Cirrhotic cardiomyopathy: is there any correlation between the stage of cardiac impairment and the severity of liver disease?
Cirrhotic cardiomyopathy is associated with poor prognosis and risk of acute heart failure after liver transplantation or interventional procedures. We aimed to assess the relationship
between the severity of cardiac impairment and hepatic disease. Eighty patients and eighty controls underwent echocardiography, tissue Doppler imaging and speckle tracking
measures. We assess the correlation between echocardiographic parameters and Child and MELD scores. Systolic parameters function (s wave, p < 0.001) and global longitudinal strain (p < 0.001) as well as diastolic parameters were significantly more impaired in cirrhotic patients compared to controls.

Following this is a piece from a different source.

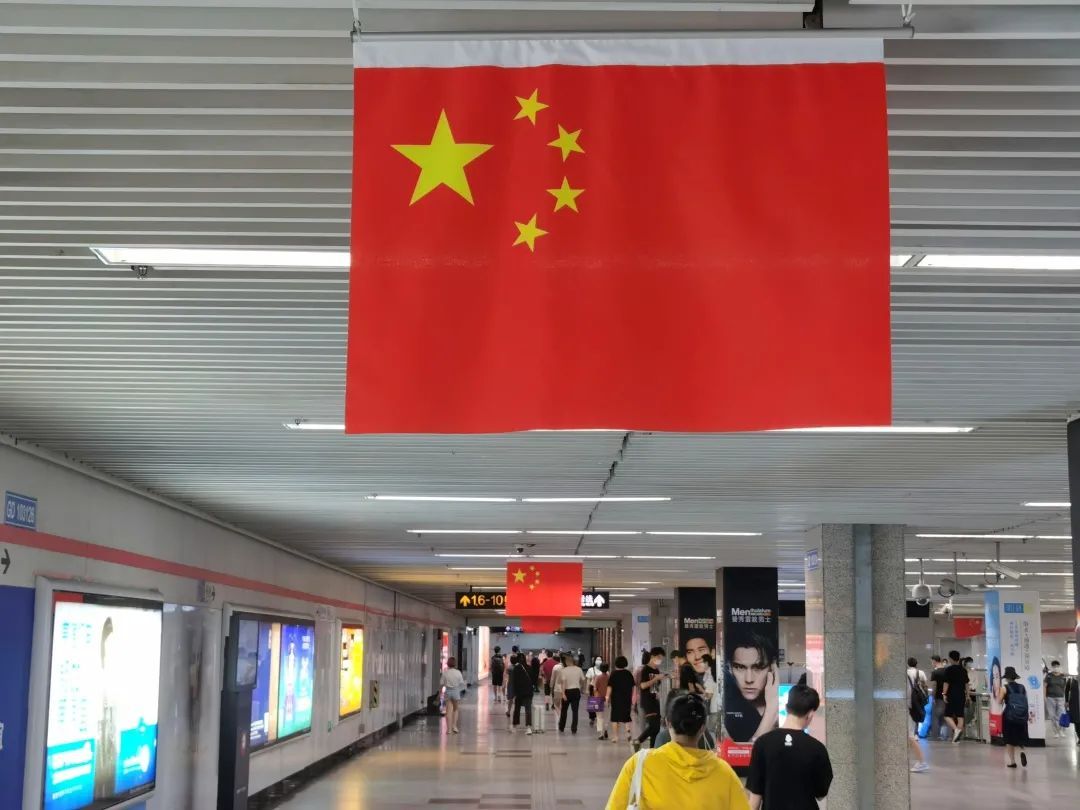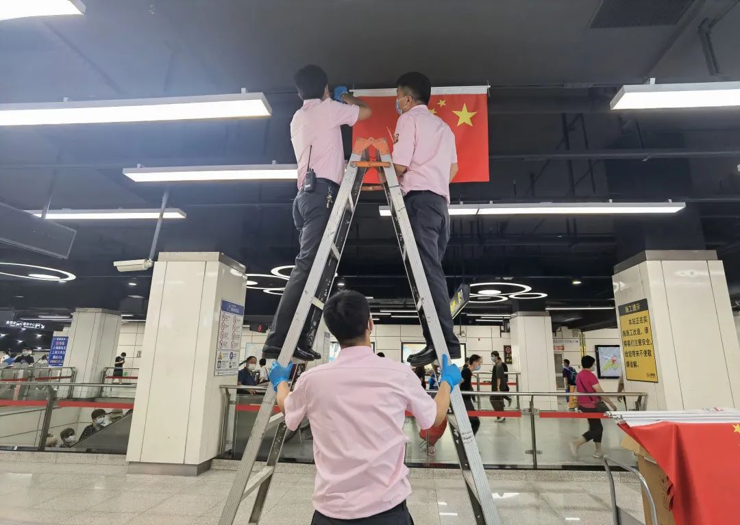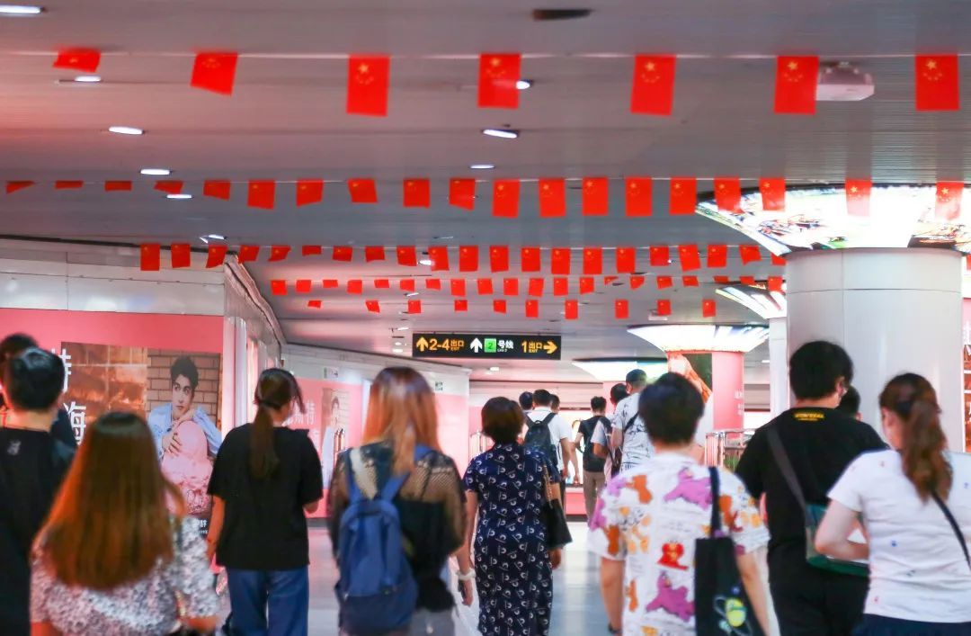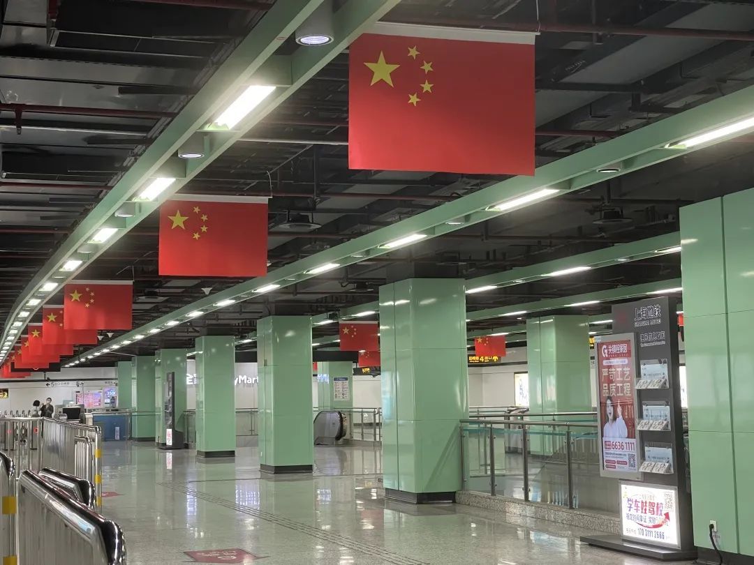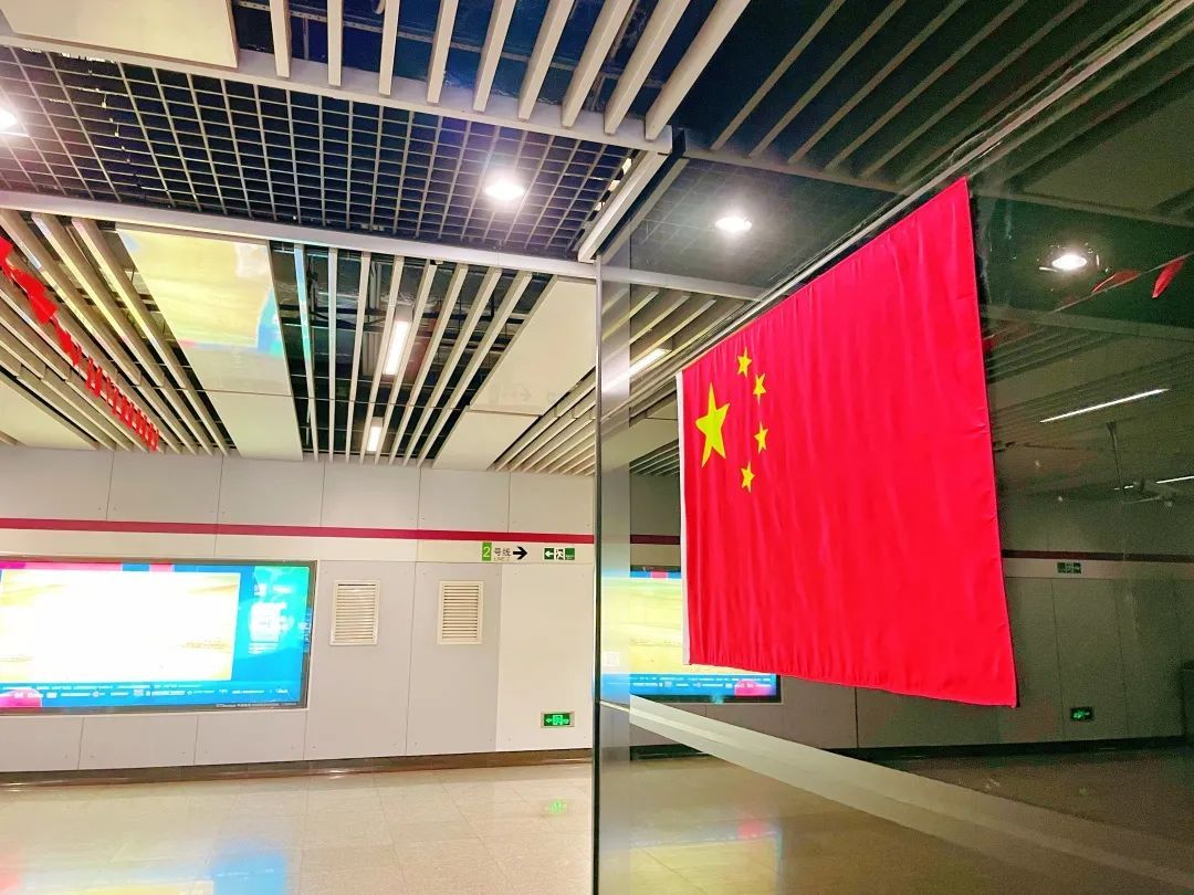 庆祝中华人民共和国成立72周年,上海地铁各车站、换乘大厅、地铁基地、办公楼等都装扮一新,营造出了浓浓的喜庆氛围。在地铁车站中,一面面鲜艳的五星红旗挂起;上海地铁移动电视以及120个车站LED大屏上,将播放宣传2021年国庆宣传主题海报,营造隆重热烈、喜庆祥和的节日气氛。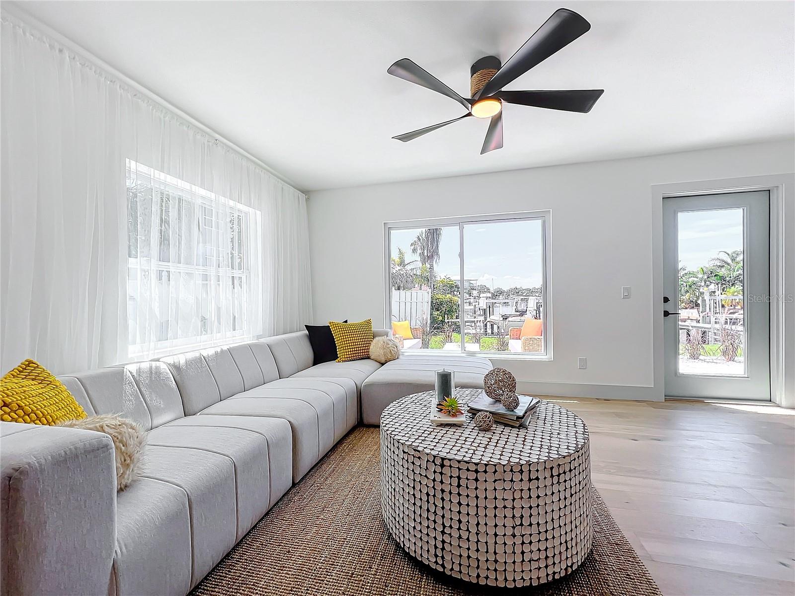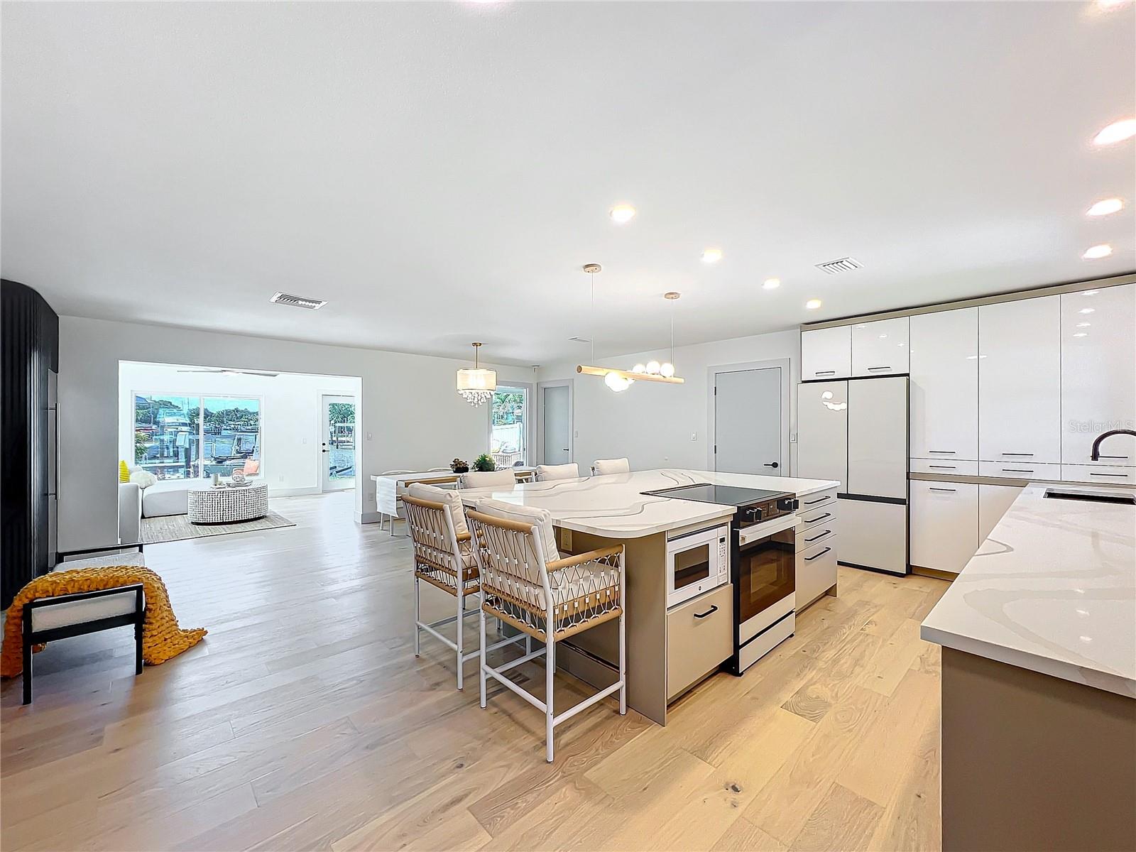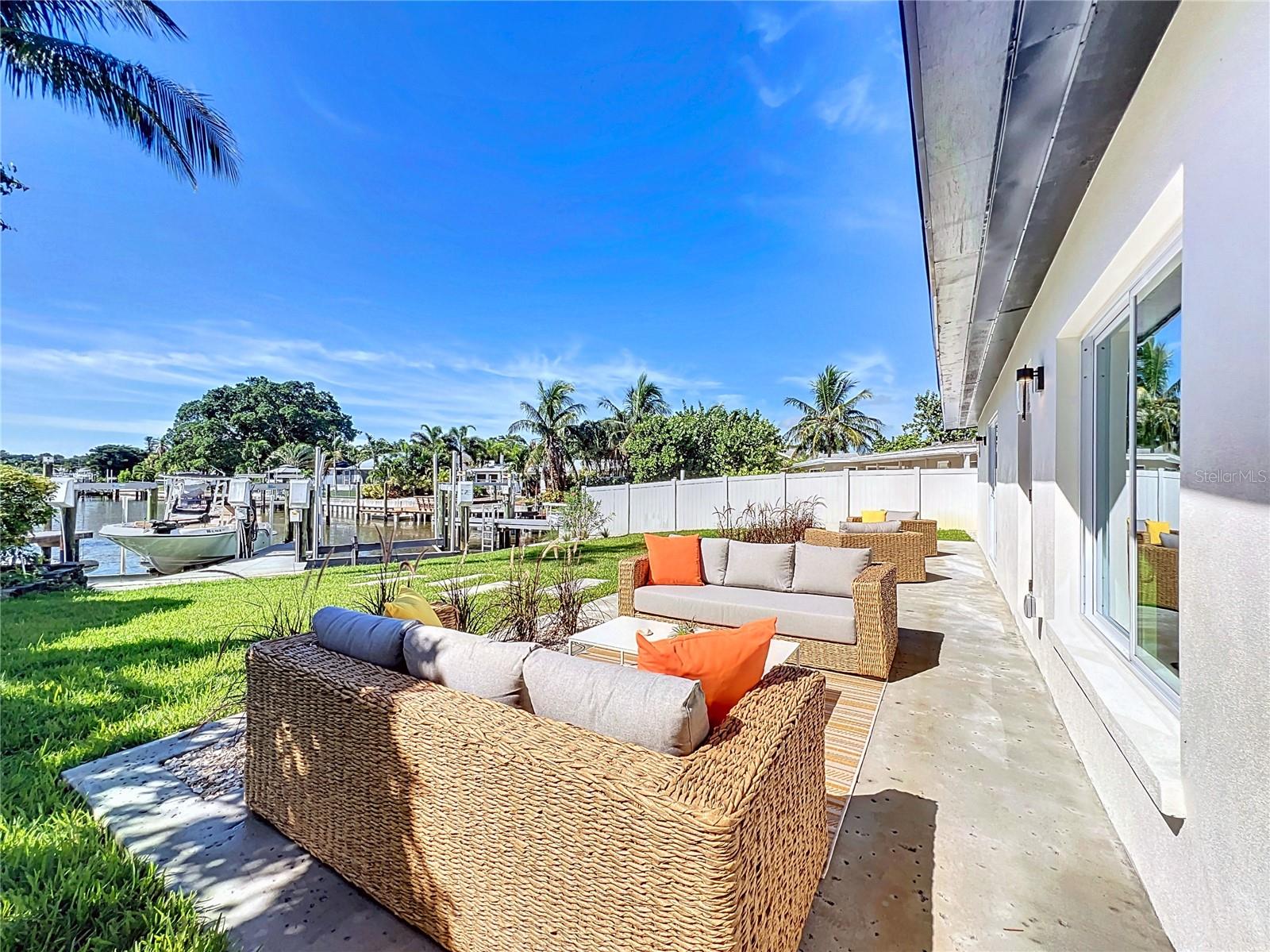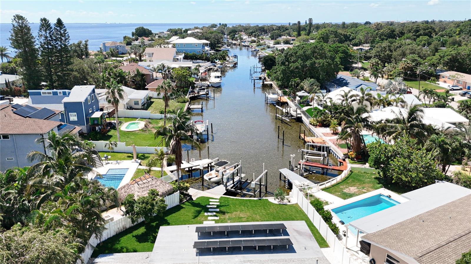 Priced under recent appraised value with no history of flooding, welcome to this one of a kind beachy-modern waterfront oasis! With custom finishes galore, superb quality and details to please even the most discerning eye, this meticulously renovated and fully permitted 3 bedroom 2 bathroom split floor plan home is both stylish and functional with the aura of high class fashion that Modernizing Florida has become known for. It feels bright, airy, crisp and has just the right amount of open concept while reserving partial privacy for the spacious living room. The glamorous European designed custom kitchen features Calacatta Gold Quartz countertops, lacquer finish soft-close cabinets, small appliance cabinets with built-in outlets, Kraus granite deep bowl sink with pull-out faucet, Kitchen-Aid 3-rack fully integrated dishwasher, Samsung Bespoke Smart refrigerator with filtered ice and water dispenser and a vast island with Samsung Bespoke Smart range and built-in GE microwave. The open kitchen and dining space share their grandeur with a custom designed entertainment wall that features a 170 bottle, dual zone wine fridge, an articulating TV mount, a LED steam fireplace, a book shelf and two hidden cabinets. The warmth of the waterproof engineered hardwood oak floor will lead you to some of the other amazing elements of the home such as the custom relief wall in the primary bedroom, the chic bathrooms, or outside to the expansive patio with built-in planters that overlooks the beautiful water view and the lushly landscaped backyard that is big enough to add a pool. Indoor laundry room, new plumbing to the meter and waste lines inspected, new electric, new HVAC and ductwork with smart thermostat, new insulation, new reclaimed irrigation system, 2012 roof in great condition with roof certification, fully paid solar panels, 16,000 lbs boat lift, Rheem Hybrid Smart 50 gallon water heater with heat pump, automatic garage door opener, ceiling fans with remotes in bedrooms and living room. Walking distance to the Coquina Key Community Park which offers a jogging trail, dog park, pickle ball, tennis, soccer fields, and a playground; just minutes to downtown St Pete by land or sea, while still a short drive to beaches, airports, Tampa & Clearwater.

There were no differences among the different groups in ‘Child score’ regarding systolic function as well as diastolic function. Paradoxically, the left atrium size correlated positively to both Child (p = 0.01, r = 0.26) and MELD scores (p = 0.02, r = 0.24). Left ventricular ejection fraction was significantly lower in decompensated patients as compared to compensated patients(p = 0.02).. We did not identify any association between severity of liver disease and cardiac dysfunction. Therefore, a transthoracic echocardiography should be performed in all cirrhotic patients before interventional and surgical procedures regardless of the severity of liver disease.